■ PROVIDED MATERIAL
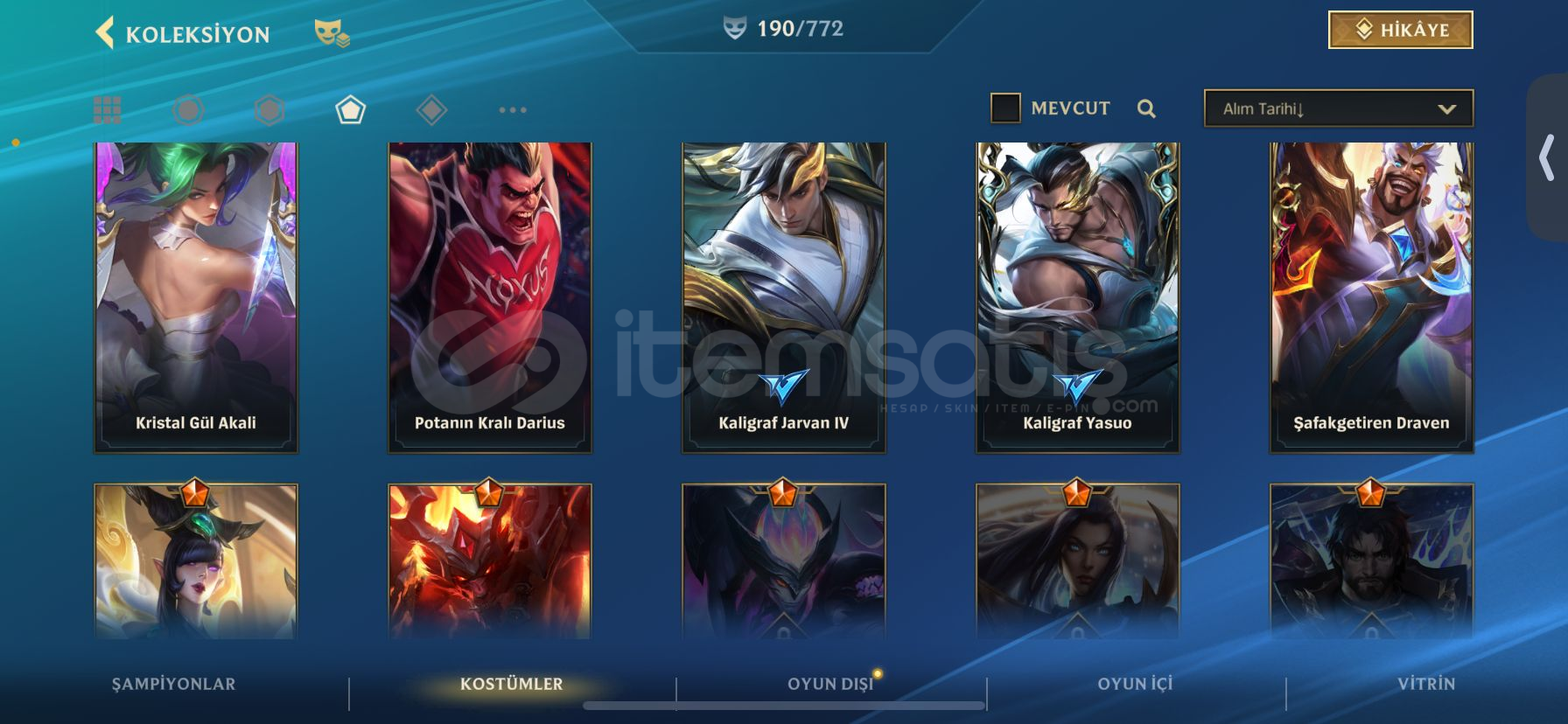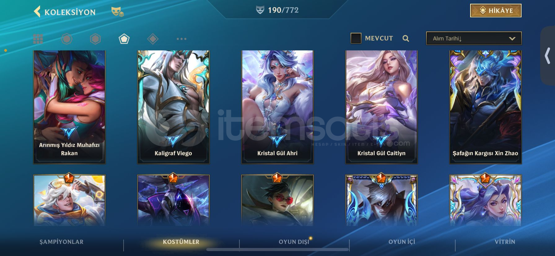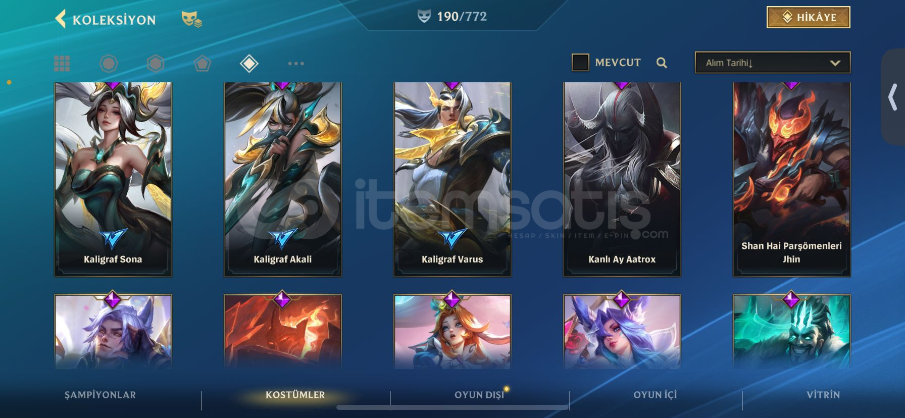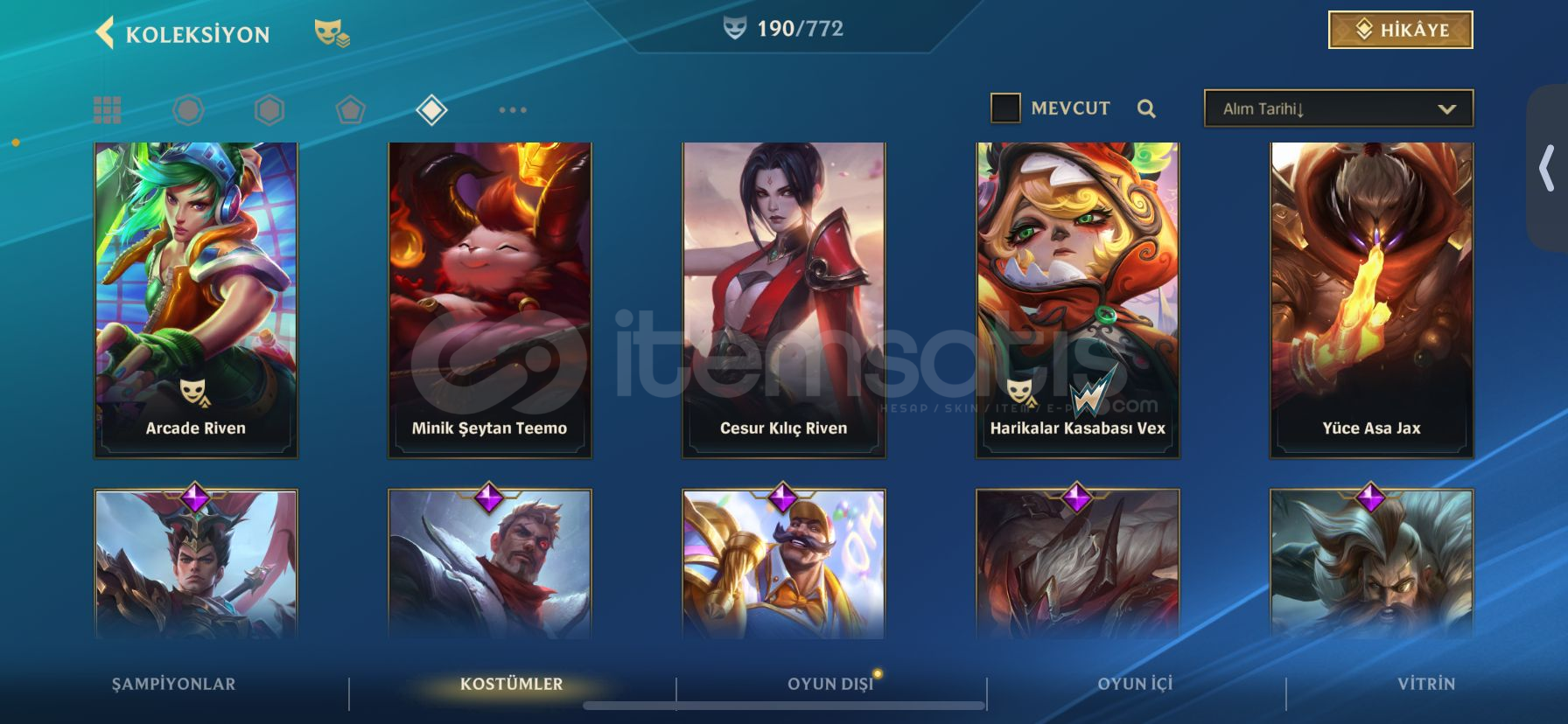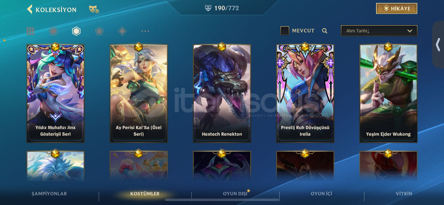 Hesapta 190 kostüm, 40.000 koleksiyon puanı ve 3 kez İMPARATOR OLMUŞTUR BU SEZONDA İMPARATOR BİTİRİCEK. Kostüm pozları, çerçeveler dahil birçok paketli içerik mevcut. İçinde 200 turuncu öz vardır. Wild Rift kartlarının tamamı neredeyse açılmıştır. Her çarın kostümü neredeyse mevcuttur ve artık alınamayan özel kostümler vardır.
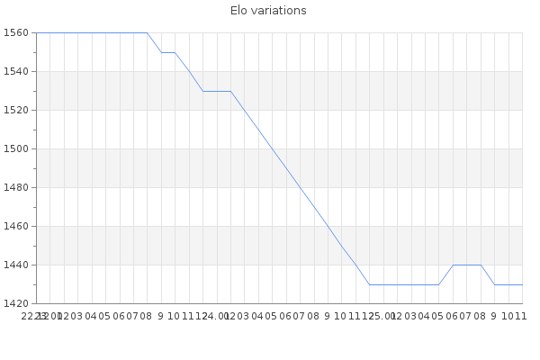 Elo no rounded:1427.6 Rd ( Small rd indicates a reliable elo ) : 120 Elo max :1690 Elo max this year :1690 Moves played :452 Country:Chile
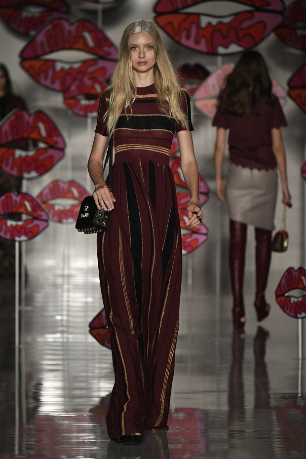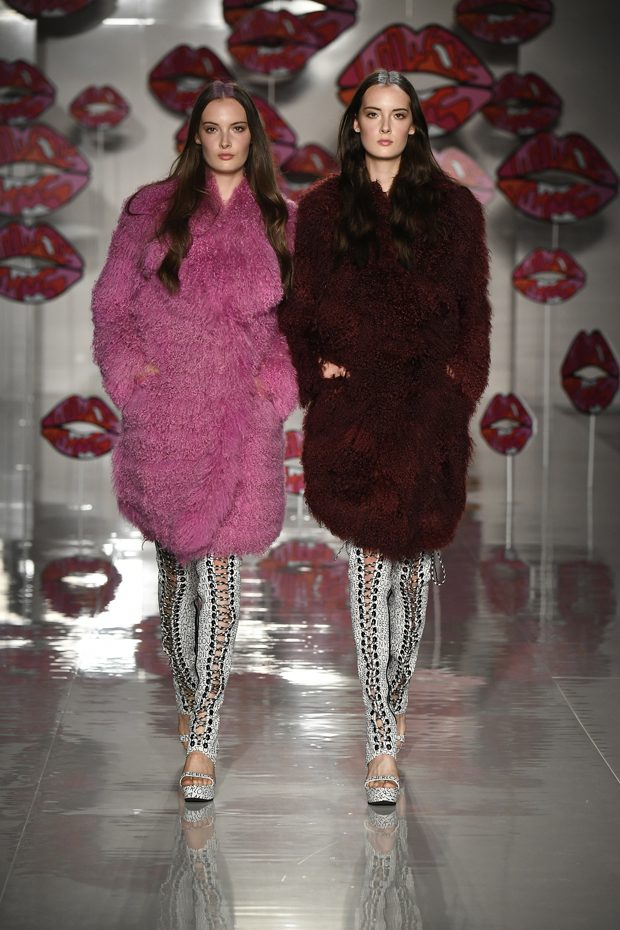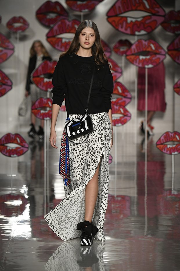 The preferred colour choice are striking hues that stay in mind. Thus, numerous shades of red are used, for instance cherry, maroon, scarlet and candy. That fresh red colour cocktail is vividly mixed and matched- the ’90s influences clearly shine through. Hereby a new candy pop culture, paired with extravagance, contemporary inspirations and zeitgeist appears. You may call it “Bubble Gum Fetish”, where elements taken from erotic influence are lifted to ultra classics. A few outfits are kept tonal, whereas the rest is a vivid celebration of various shades. Expect the unexpected! Additionally, a few more restrained, timeless tones are revealed, such as pewter, night black and offwhite. Rich gold, true blue, ultra green and sunny yellow create strong accents that stay in mind.

■ TASK ITEM
Copy out the full material exactly. Pictures should not appear in it.

■ ANSWER
 Hesapta 190 kostüm, 40.000 koleksiyon puanı ve 3 kez İMPARATOR OLMUŞTUR BU SEZONDA İMPARATOR BİTİRİCEK. Kostüm pozları, çerçeveler dahil birçok paketli içerik mevcut. İçinde 200 turuncu öz vardır. Wild Rift kartlarının tamamı neredeyse açılmıştır. Her çarın kostümü neredeyse mevcuttur ve artık alınamayan özel kostümler vardır.
 Elo no rounded:1427.6 Rd ( Small rd indicates a reliable elo ) : 120 Elo max :1690 Elo max this year :1690 Moves played :452 Country:Chile
 The preferred colour choice are striking hues that stay in mind. Thus, numerous shades of red are used, for instance cherry, maroon, scarlet and candy. That fresh red colour cocktail is vividly mixed and matched- the ’90s influences clearly shine through. Hereby a new candy pop culture, paired with extravagance, contemporary inspirations and zeitgeist appears. You may call it “Bubble Gum Fetish”, where elements taken from erotic influence are lifted to ultra classics. A few outfits are kept tonal, whereas the rest is a vivid celebration of various shades. Expect the unexpected! Additionally, a few more restrained, timeless tones are revealed, such as pewter, night black and offwhite. Rich gold, true blue, ultra green and sunny yellow create strong accents that stay in mind.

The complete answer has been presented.